I would like to add a matrix to the DGEList in a similar way assays can be added to a SummarizedExperiment.

I calculated the log transformed cpm values of a DGEList and I would like to store them in the DGEList, so subsetting this object would subset the log transformed cpm values too.

here is my code:

query <- GDCquery(project = "TCGA-BLCA",  # project-code for Bladder Cancer
                  data.category = "Transcriptome Profiling",  # catogry for RNA-Seq Data
                  data.type = "Gene Expression Quantification", # raw reads, or , aligned data
                  workflow.type = "HTSeq - Counts") # FPKM / HTSeq-Count / etc.

GDCdownload(query, # name of the filtered dataset assigned above
            method = "api", # needs to be set in order to download from the api
            files.per.chunk = 10, # this should minimise prob. of corruption
            directory = "GDCdata") # save files to a seperate directory

TCGA_BLCA <- GDCprepare(query,
                        summarizedExperiment = TRUE) # Downloads also clinical data

TCGA_BLCA_DGEList <- DGEList(TCGA_BLCA)

keep <- rowSums(cpm(TCGA_BLCA_DGEList)>0.25) >= 217

TCGA_BLCA_DGEList <- TCGA_BLCA_DGEList[keep, , 
                                       keep.lib.sizes = FALSE]

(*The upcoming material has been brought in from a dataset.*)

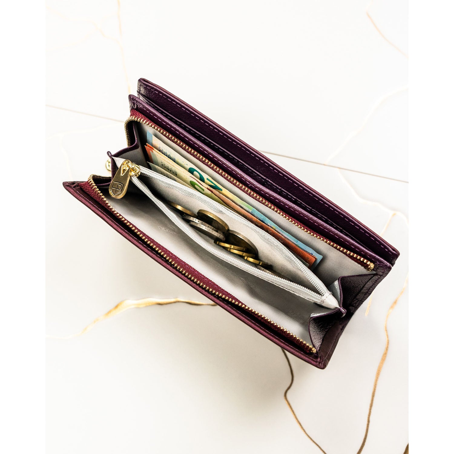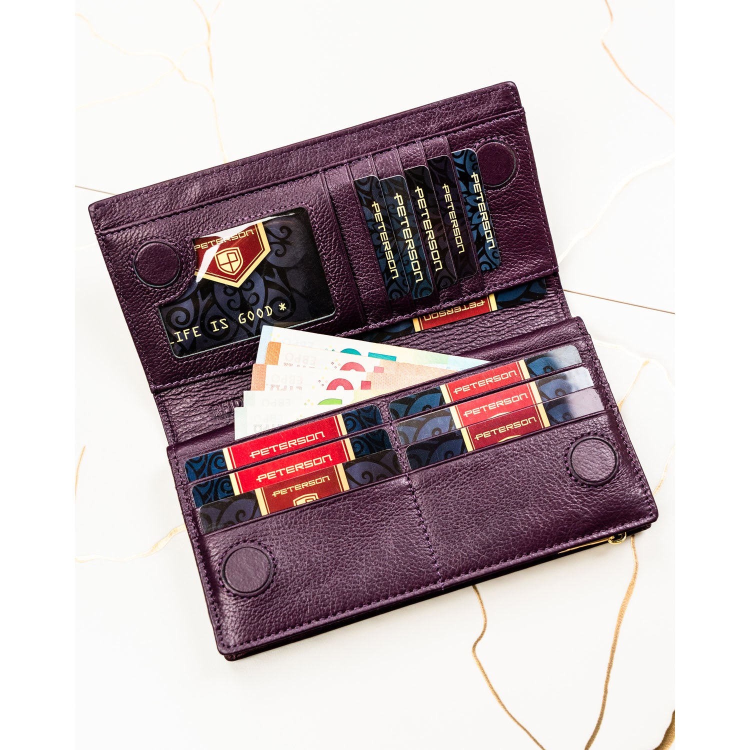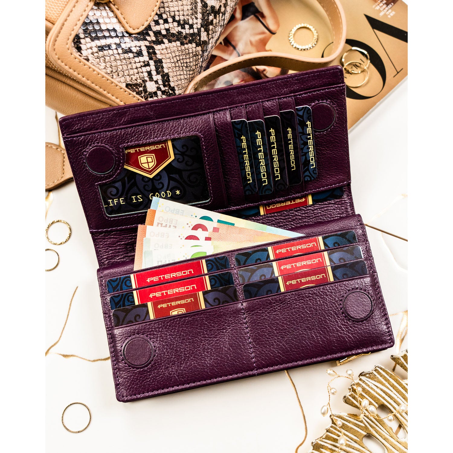 Peterson moteriška piniginė iš dirbtinės odos, Violetinės spalvos, su RFID apsauga.

TCGA_BLCA_DGEList <- calcNormFactors(TCGA_BLCA_DGEList, 
                                     method = 'upperquartile', 
                                     p = 0.75)

TCGA_BLCA_DGEList = estimateCommonDisp(TCGA_BLCA_DGEList, 
                                       verbose = TRUE)

TCGA_BLCA_DGEList$log2ps_counts <- cpm(TCGA_BLCA_DGEList$pseudo.counts,
                                             log = TRUE)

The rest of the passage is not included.